WHAT THE TASK ASKS: Would you set down the data that follows, word for word, without any pictures?
DATASET EXCERPT: Begin
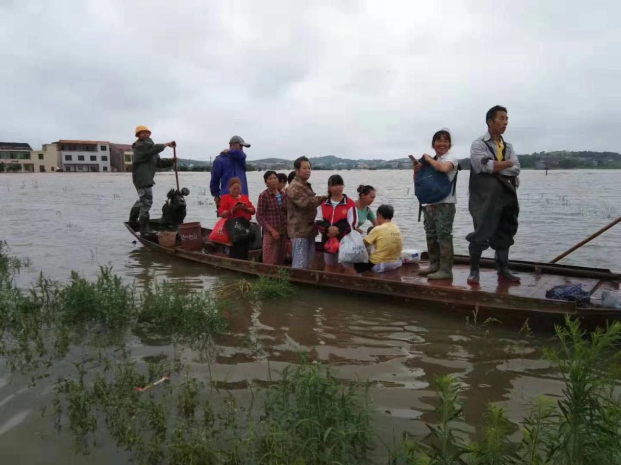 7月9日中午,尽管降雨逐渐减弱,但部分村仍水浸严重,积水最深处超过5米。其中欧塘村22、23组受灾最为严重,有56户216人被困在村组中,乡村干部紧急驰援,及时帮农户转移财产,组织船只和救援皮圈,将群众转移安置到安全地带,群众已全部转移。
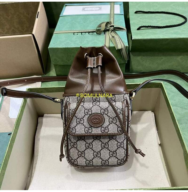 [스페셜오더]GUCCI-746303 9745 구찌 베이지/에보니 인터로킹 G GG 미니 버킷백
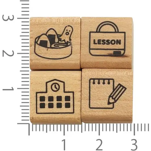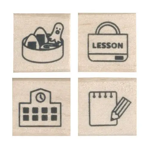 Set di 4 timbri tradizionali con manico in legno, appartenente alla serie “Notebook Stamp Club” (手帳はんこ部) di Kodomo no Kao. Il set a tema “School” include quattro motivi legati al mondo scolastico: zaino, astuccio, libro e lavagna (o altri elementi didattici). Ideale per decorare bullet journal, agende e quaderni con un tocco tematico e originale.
DATASET EXCERPT: End
WRITTEN ANSWER:
 7月9日中午,尽管降雨逐渐减弱,但部分村仍水浸严重,积水最深处超过5米。其中欧塘村22、23组受灾最为严重,有56户216人被困在村组中,乡村干部紧急驰援,及时帮农户转移财产,组织船只和救援皮圈,将群众转移安置到安全地带,群众已全部转移。
 [스페셜오더]GUCCI-746303 9745 구찌 베이지/에보니 인터로킹 G GG 미니 버킷백
 Set di 4 timbri tradizionali con manico in legno, appartenente alla serie “Notebook Stamp Club” (手帳はんこ部) di Kodomo no Kao. Il set a tema “School” include quattro motivi legati al mondo scolastico: zaino, astuccio, libro e lavagna (o altri elementi didattici). Ideale per decorare bullet journal, agende e quaderni con un tocco tematico e originale.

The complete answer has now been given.